Wisdom was there in the beginning with God. Wisdom was created before Creation, the first of God’s acts, there beside God, daily God’s delight…a master worker, implying that Wisdom takes part in God’s act of creating, and Wisdom rejoiced in that Creation – in the inhabited world and delighting in the human race. We would hear this story again.

For John the gospel writer, Wisdom became the Word. In the beginning was the Word (like Wisdom), and the Word was with God, and the Word was God. John took the pre-existent, co-creating Wisdom from Proverbs and called it logos, the Word, meaning the key principle of God and the universe, or God’s underlying reason, idea, or logic. The key to the universe…maybe what we would call, “the meaning of life.” The Wisdom of God, the Word of God. And John takes it further, because he says something so radical no one else had ever really even thought it before…he says the Word became flesh and lived among us. That Wisdom that prepares a feast, a rich feast that leads to life, to insight….that Word of God…..takes on human life and becomes a feast for you and me. That Wisdom of God, that Word of God, is Jesus of Nazareth.

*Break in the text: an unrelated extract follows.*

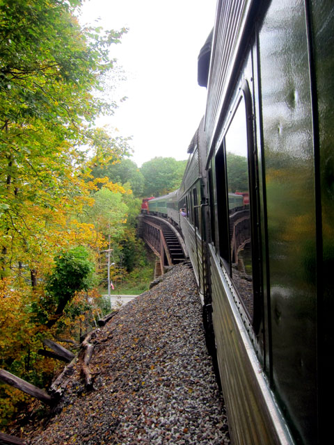 I am glad I took the trip, got to again see the “backside” to the road up to the notch, but I must confess the scenery is hidden by the trees surrounding the tracks, and “nothing to write home about.” It was the beginning of the season, and the dining car staff and food also was nothing exciting, and somehow eating on formica table tops is not my forte, particularly since I have had fine china and linen on Via Rail Canada – you get to expect a certain norm.

Jesus is the mind of God, the Wisdom of God. What does that tell you about God? What does that tell you about Wisdom? It means, at least, that the Wisdom of God is not predictable, it’s NOT logical, it’s not the same kind of Wisdom as the wise sayings of Solomon. It’s not God’s secret plan on how to become healthy, wealthy, and wise to the world. It’s the Wisdom of the cross.4 The Wisdom of the One who is immortal, above all Creation, who became mortal, taking on human flesh, just so he can be closer to you. Just so he will know, in his flesh and blood, the same pain and struggles, and joys, you face in your life. If we can know anything of God’s Wisdom, we know only love, self-emptying love. The Wisdom of the One in whom the first are last and the last are first, in whom the insiders become outsiders and the outsiders become insiders, the king whose throne is the cross, whose victory comes in defeat and whose life comes from death. God’s Wisdom is the love of the One who does not only host a meal that gives life, but becomes that meal himself.

Whoever you are, whatever songs you sing and whichever heroes you admire, whatever dreams fill your mind: hear the call of Jesus, because he’s speaking to you: you who are simple, you who are weary, you who are hungry for the mind and heart of God, turn in here! Come eat of my bread, the living bread from heaven, my flesh, and come drink of my wine, my blood, and live. Be filled with me – with my Wisdom, my Word, which is nothing more than my irrational, unreasonable love, and have eternal life, the life of eternity, right now and lasting forever. Amen.

1Proverbs 15:17.

2Proverbs 9:13-18.

3The contrast was illumined for me by Scott Shauf, Commentary on Proverbs 9:1-6, https://www.workingpreacher.org/preaching.aspx?commentary_id=2601 (accessed August 13, 2015).

4There’s not enough time to venture down this path in this sermon, but anyone interested in the Wisdom of the Cross (what Lutherans call the “theology of the cross”) should read 1 Corinthians 1-2.